### PROBLEM DESCRIPTION:
Every line below needs to be printed again exactly, without any of its pictures.

### DATASET SECTION

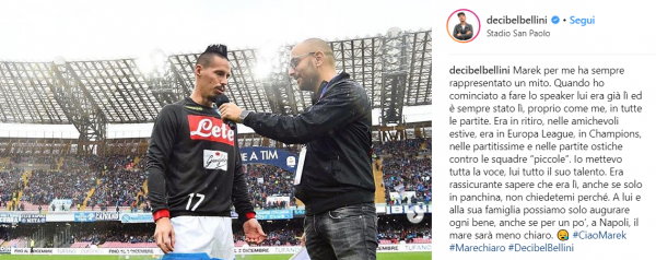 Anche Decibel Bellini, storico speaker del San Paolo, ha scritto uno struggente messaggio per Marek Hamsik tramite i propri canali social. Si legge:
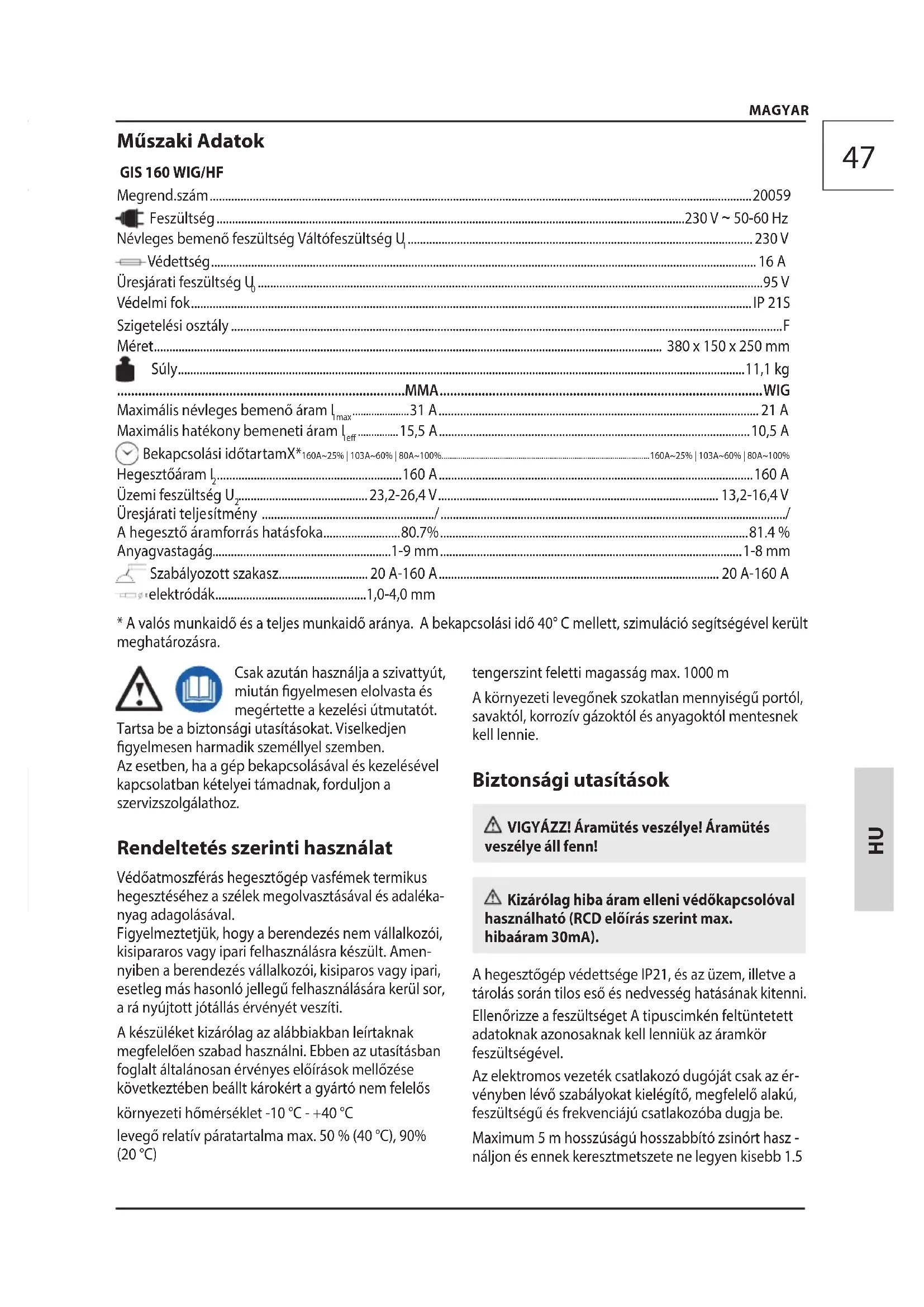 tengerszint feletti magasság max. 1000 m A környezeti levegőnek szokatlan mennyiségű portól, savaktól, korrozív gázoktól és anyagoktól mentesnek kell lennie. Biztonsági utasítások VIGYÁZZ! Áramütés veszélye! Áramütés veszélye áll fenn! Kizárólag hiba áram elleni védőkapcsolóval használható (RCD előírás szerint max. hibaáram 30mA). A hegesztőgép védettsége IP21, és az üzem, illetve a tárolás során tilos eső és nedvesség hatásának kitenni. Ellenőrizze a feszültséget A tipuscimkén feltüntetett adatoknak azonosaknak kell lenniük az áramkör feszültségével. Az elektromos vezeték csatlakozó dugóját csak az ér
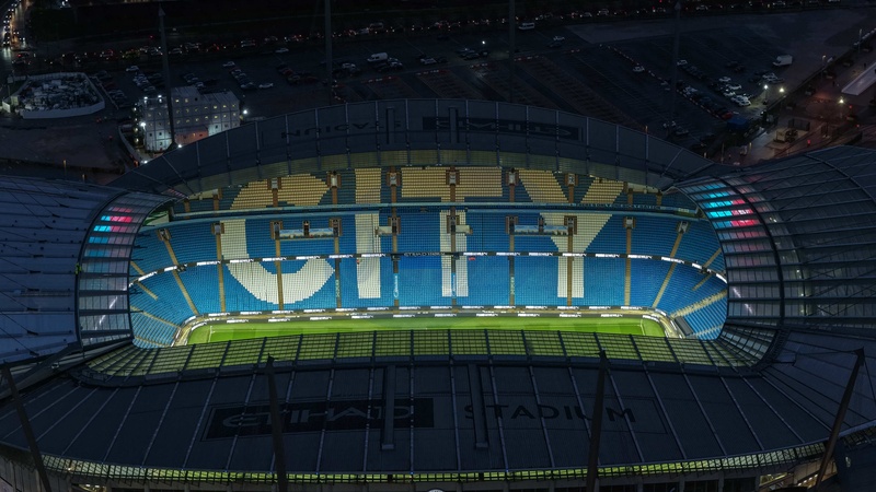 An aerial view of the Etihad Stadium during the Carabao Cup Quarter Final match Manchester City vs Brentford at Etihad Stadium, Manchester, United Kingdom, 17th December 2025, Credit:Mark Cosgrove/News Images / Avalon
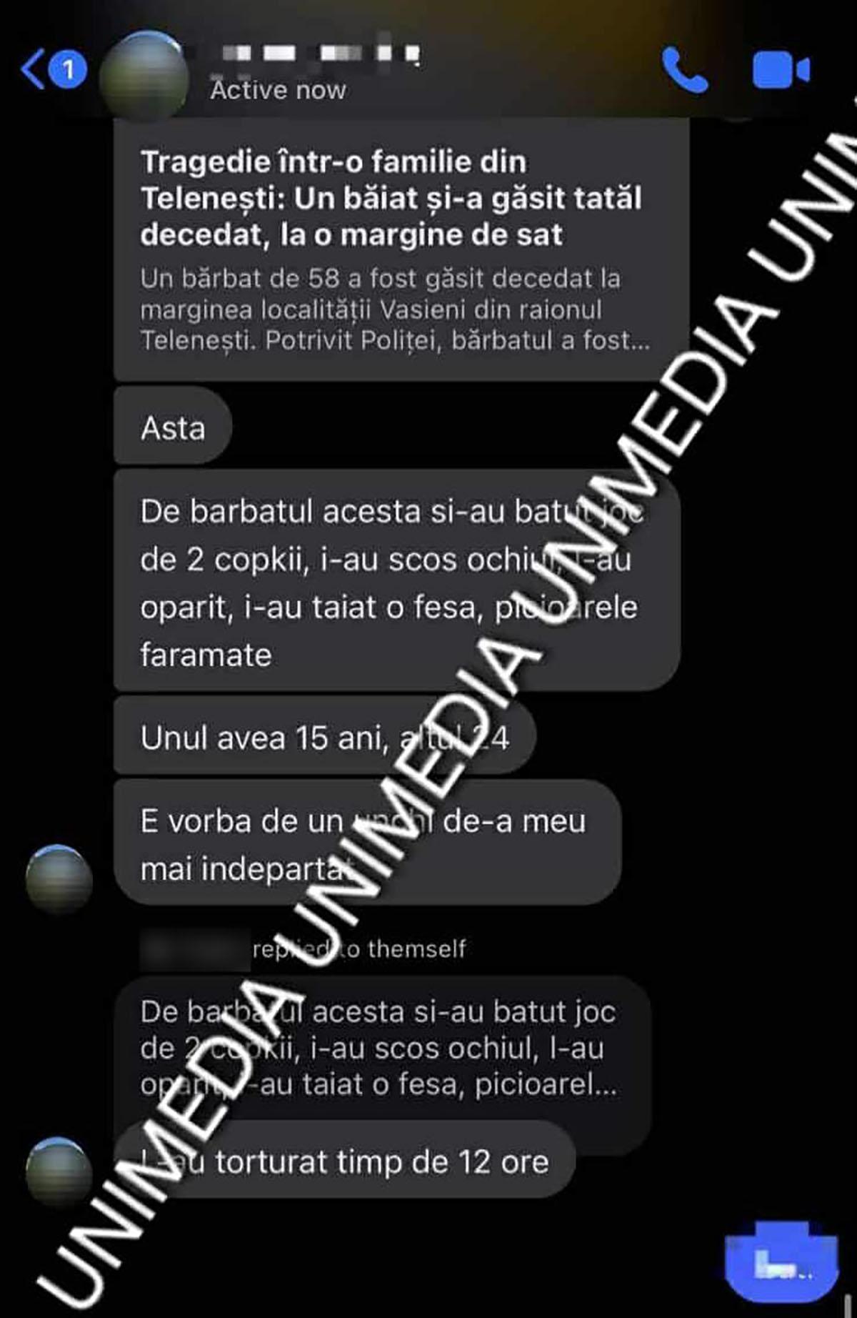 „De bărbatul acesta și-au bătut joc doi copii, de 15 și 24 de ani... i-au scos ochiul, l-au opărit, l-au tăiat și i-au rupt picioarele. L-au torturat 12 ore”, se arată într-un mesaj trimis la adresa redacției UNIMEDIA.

######

### WRITTEN SOLUTION:
 Anche Decibel Bellini, storico speaker del San Paolo, ha scritto uno struggente messaggio per Marek Hamsik tramite i propri canali social. Si legge:
 tengerszint feletti magasság max. 1000 m A környezeti levegőnek szokatlan mennyiségű portól, savaktól, korrozív gázoktól és anyagoktól mentesnek kell lennie. Biztonsági utasítások VIGYÁZZ! Áramütés veszélye! Áramütés veszélye áll fenn! Kizárólag hiba áram elleni védőkapcsolóval használható (RCD előírás szerint max. hibaáram 30mA). A hegesztőgép védettsége IP21, és az üzem, illetve a tárolás során tilos eső és nedvesség hatásának kitenni. Ellenőrizze a feszültséget A tipuscimkén feltüntetett adatoknak azonosaknak kell lenniük az áramkör feszültségével. Az elektromos vezeték csatlakozó dugóját csak az ér
 An aerial view of the Etihad Stadium during the Carabao Cup Quarter Final match Manchester City vs Brentford at Etihad Stadium, Manchester, United Kingdom, 17th December 2025, Credit:Mark Cosgrove/News Images / Avalon
 „De bărbatul acesta și-au bătut joc doi copii, de 15 și 24 de ani... i-au scos ochiul, l-au opărit, l-au tăiat și i-au rupt picioarele. L-au torturat 12 ore”, se arată într-un mesaj trimis la adresa redacției UNIMEDIA.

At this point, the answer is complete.